Focus: The real point though has to do with the days surrounding this event. Alan had appointments at the Clinic Thursday and Friday. We never really get to enjoy Cleveland as a city and honestly, Alan has PTSD just driving through it. We decided to stay in a hotel (where the Gala was) both nights and try to find some fun events/food to have a mini vacation and change our mental stigma. This was Reese’s first time in a hotel. We knew the hotel would be distracting and disruptive to her sleep schedule but then add on the pre-dawn wake up to get to cleveland, candy binging, room service, and being a late night party monster/dance machine. These few days without her stable schedule just compounded the strength of this toddler tornado and created our most difficult days of parenting yet. By Saturday night, bedtime was a feisty, exhausted, emotional battle and all three of us were at wits end. I sat in the rocker extra that night, calming her while manifesting my frustration into silent tears, beyond overwhelmed. Two year old Reese was sweet, innocent, and so grateful for every moment with mom and dad. Three year old Reese though, is proud of her independence, determined but stubborn and opinionated, and although she is still immensely sweet and loving, is too smart for her own good and her comprehension and retention is baffling. But that’s when it hit me… she knows – she knows what happened to dad, what is currently happening, what dad’s limitations are, how happy her family makes her, and who her dad is. She loved him 6 months ago but she knows him now. Her memories are solidifying. I know this happens for all parents and all kids. It’s not special because of that. These are days we were not promised. These memories are being created on borrowed time. Tragic accidents will sadly continue to happen in this world far too often.
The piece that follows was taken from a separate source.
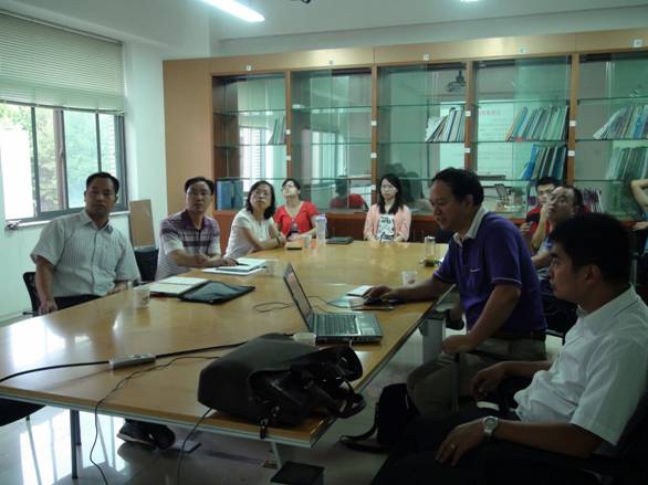 以借鉴决策剧场建设经验为主要目的,周院长一行首先参观了我院维视德电子决策剧场,并详细询问了电子决策剧场的建设情况、运行情况、后期的发展和建设规划情况。其后,周院长一行参观了公共安全预警研究中心,了解了预警研究中心的研究方向、研究成果以及当前的主要研究重心,并表达了将来在气象灾害应急方面开展合作的意向。

Organ donation had never been hoping that someone dies, it is acknowledging that there is a way to forward hope and light out of a tragedy that already happened. The six months of growth we have experienced post-transplant is another homage to our donor angel. These days are priceless. None of the bad days are actually bad because we have been given the opportunity to experience this together. 
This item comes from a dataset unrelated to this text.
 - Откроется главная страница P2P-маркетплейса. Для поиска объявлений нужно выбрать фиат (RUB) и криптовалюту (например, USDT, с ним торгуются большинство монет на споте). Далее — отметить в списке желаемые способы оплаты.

I have been trying to piece this post together for a few weeks actually and as new developments alter my thoughts, it transitioned to the most recent emotions and anecdotes. It definitely does not feel like my most elegant writing so I’m sorry if the reading is quite disjointed actually. Two and a half months was far too much to cover. Biggest take aways are that Alan’s kidney isn’t perfect but it’s working better than his originals have in the past year and seems stable. Rejection was identified & treated and Alan felt the positive effects. Complications of transplant life still threaten quality of life but the motivation to bare and push forward continues to win out. The swift changes, complications, and unplanned hospital visits have solidified that it is still too soon to consider finding/returning to employment just yet. The fundraiser gala was incredible. Reese has challenged us on a few occasions recently but it is so uplifting to have Alan here to witness this growth and change. Overall, she is still an incredible kid and we feel so lucky to share each day together. We are 87 steps forward and 31 steps back. I will celebrate and share our smaller moments with you sooner but life is happy and the good is outweighing the bad for the first time in years.